I believe you are incorrect about that mksl. Think about this for a second. What point would it serve for a trader to open a PMA account, say with Fimat, and then open a separate account under the same name, with the same broker that is not PMA where he can daytrade? From a regulatory perspective and compliance perspective, what exactly does this solve? Use some common sense here, the SEC would laugh that out of the park. LOL.
Now, what you could do, is say open a PMA account with Fimat and open a separate account with IB and do all your daytrades with IB and your PMA trades with Fimat. Two different brokers, two different accounts.

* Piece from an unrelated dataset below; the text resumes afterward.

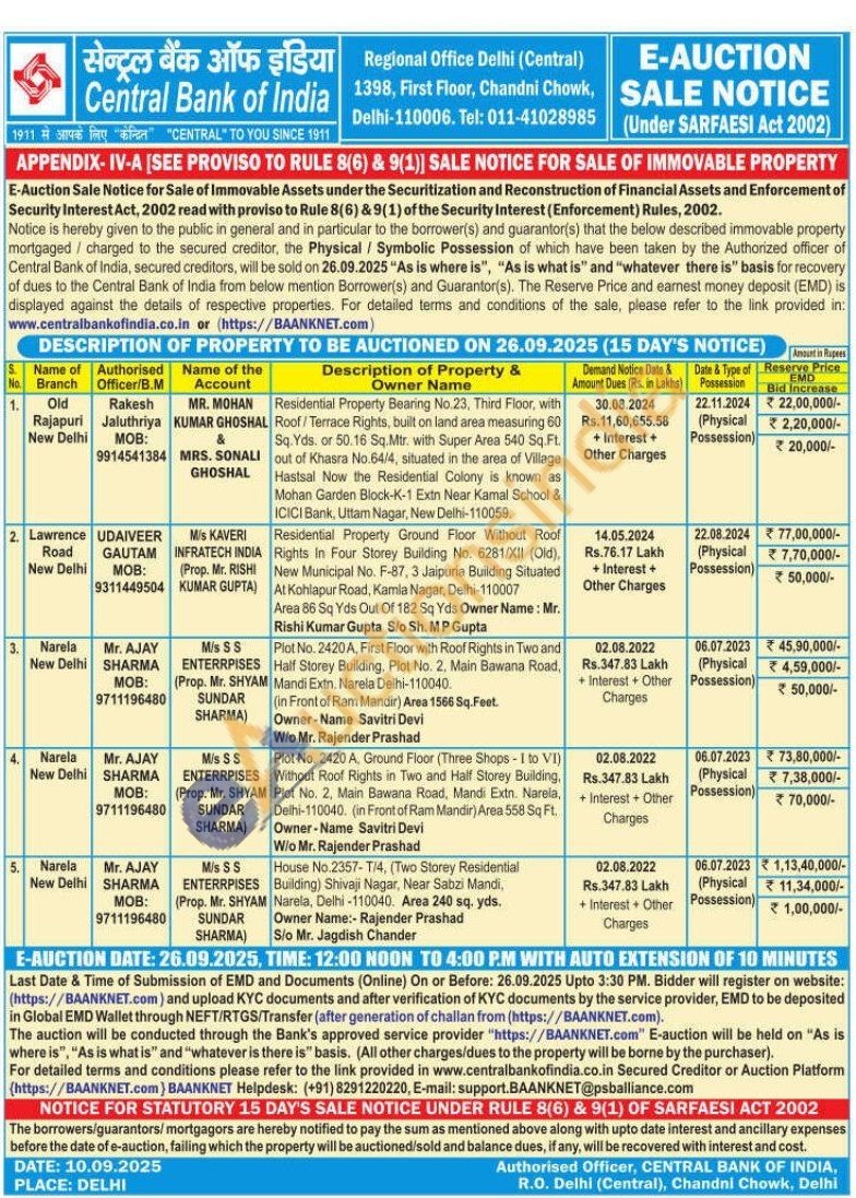 Plot No. 2420 A, Ground Floor (Three Shops-1 to VI) Without Roof Rights in Two and Half Storey Building, Plot No. 2, Main Bawana Road, Mandi Extn. Narela, Delhi-110040. (in Front of Ram Mandir) Area 558 Sq Ft. Owner-Name Savitri Devi

Now again, the problem we have here is the cross margin aspect of it, or lack there of. The whole idea of trading in a JBO is to be able to offset risk in as many ways as possible. I think this will be more of an issue for index traders then stock traders. If I trade IBM, there really is no effective way to offset that risk in a JBO other then options on IBM. However, if I trade any index, which I do, I want to be able to daytrade around them, hedge them with options, futures, ETF's whatever and cross trade them against other indices. I seriously cannot imagine a trader who trades indices that would go without this. And there is no way I would want to lay out the full capital for these trades at IB when I know they are offsetting the risk on my positions at Fimat.
Look, I know the braintrust behind this PMA. I have talked to them. They are very angry about the pattern day trader rule, very angry. They have petitioned letters to the SEC and CFTC. If all they had to do was create a 2nd account within their own firm, there is no way they would be making this much fuss. Btw, I posted one of those letters on this site.
So like you said mksl, we'll wait and see. Time will tell. And lastly, like I mentioned in a previous post, I still do not believe the average ETer understands what PM and risk based haircuts are. They are not real, they are a facade. In other words, they are like Cinderella. At midnight, she turns into a pumpkin. Well, as you approach expiration, your PMA account turns into Reg T. This will pose many challenges to ET traders and retail traders alike. Especially if you are heavily leverage (why else would you be using a PMA account). You could be forced to liquidate your position at the worst time.
On average my haircut quadruples going into expiration. In other words, it turns into Reg T. If I'm running a 25k haircut initially on a position 5 weeks out, it will be 100k going into the final week. I stand by my statement that very few if anyone on this board truly understands this. Look, I run an office in Chicago and I deal with former floor traders, professional traders and other prop traders who by definition, should understand haircuts. But very few of them actually do. I actually have to go over it with them again and again and again. I seriously doubt the average ETer here has a firm grasp on what this actually means for them. It would be very disappointing for them to scrounge up every penny they have to get into a PMA account only to watch them blow out their account in months and come back here and say, wtf, why did I want a PMA account?